(WHAT YOU ARE ASKED TO DO):
Each line from the opening of the material through the line holding "These tacos are" needs to be returned exactly, with the pictures left out.

(RECORDED INFORMATION):
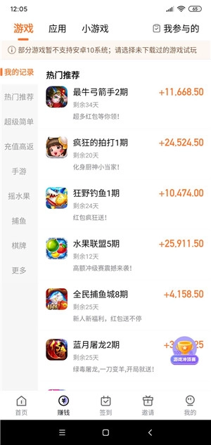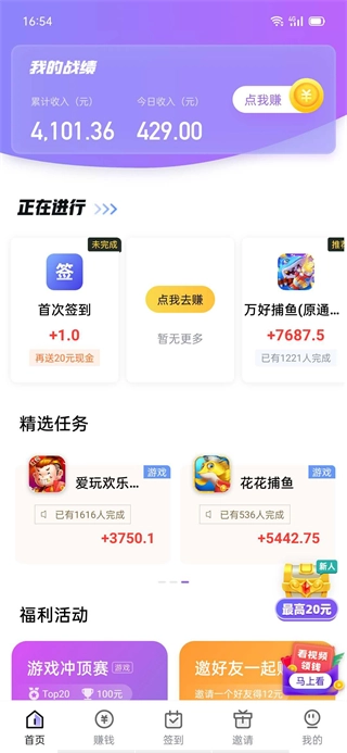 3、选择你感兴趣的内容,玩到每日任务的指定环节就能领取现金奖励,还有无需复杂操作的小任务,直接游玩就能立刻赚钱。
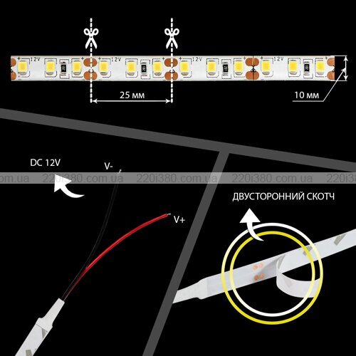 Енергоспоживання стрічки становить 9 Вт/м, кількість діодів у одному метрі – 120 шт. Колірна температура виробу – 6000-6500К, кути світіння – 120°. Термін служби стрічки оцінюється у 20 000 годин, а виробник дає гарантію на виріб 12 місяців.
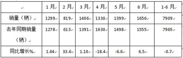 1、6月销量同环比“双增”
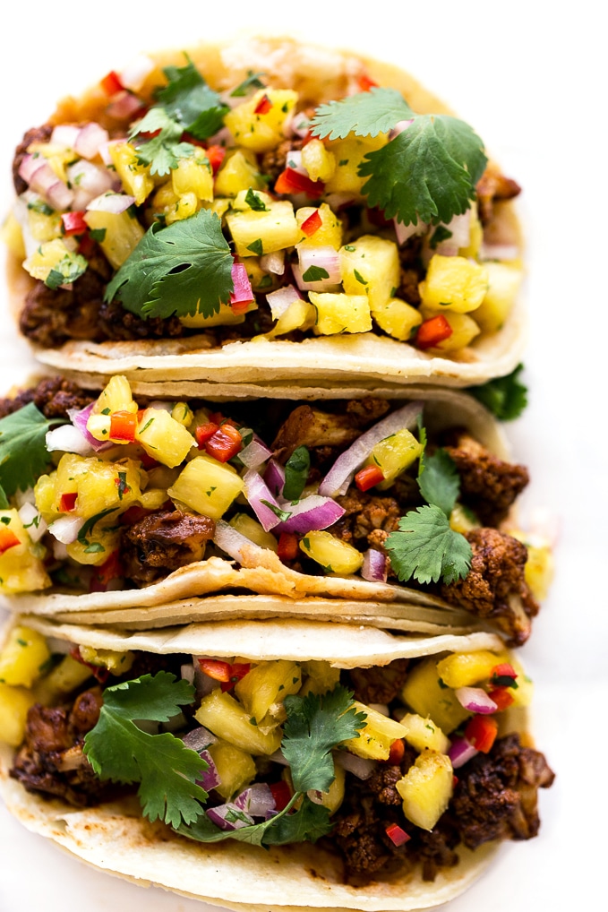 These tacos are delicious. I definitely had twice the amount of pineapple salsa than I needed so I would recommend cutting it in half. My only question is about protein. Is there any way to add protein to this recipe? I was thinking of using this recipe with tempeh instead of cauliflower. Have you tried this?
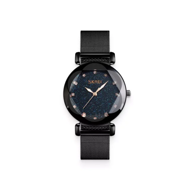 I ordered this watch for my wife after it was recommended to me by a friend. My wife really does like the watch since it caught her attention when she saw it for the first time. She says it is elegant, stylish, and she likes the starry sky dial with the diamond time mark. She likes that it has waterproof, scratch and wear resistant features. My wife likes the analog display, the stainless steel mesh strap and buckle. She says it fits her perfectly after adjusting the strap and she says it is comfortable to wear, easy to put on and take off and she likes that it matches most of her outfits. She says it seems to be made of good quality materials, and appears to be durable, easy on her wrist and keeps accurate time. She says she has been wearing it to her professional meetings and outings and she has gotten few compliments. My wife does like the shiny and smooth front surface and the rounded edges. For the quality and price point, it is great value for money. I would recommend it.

(SOLUTION TO THE EXERCISE):
 3、选择你感兴趣的内容,玩到每日任务的指定环节就能领取现金奖励,还有无需复杂操作的小任务,直接游玩就能立刻赚钱。
 Енергоспоживання стрічки становить 9 Вт/м, кількість діодів у одному метрі – 120 шт. Колірна температура виробу – 6000-6500К, кути світіння – 120°. Термін служби стрічки оцінюється у 20 000 годин, а виробник дає гарантію на виріб 12 місяців.
 1、6月销量同环比“双增”
 These tacos are delicious. I definitely had twice the amount of pineapple salsa than I needed so I would recommend cutting it in half. My only question is about protein. Is there any way to add protein to this recipe? I was thinking of using this recipe with tempeh instead of cauliflower. Have you tried this?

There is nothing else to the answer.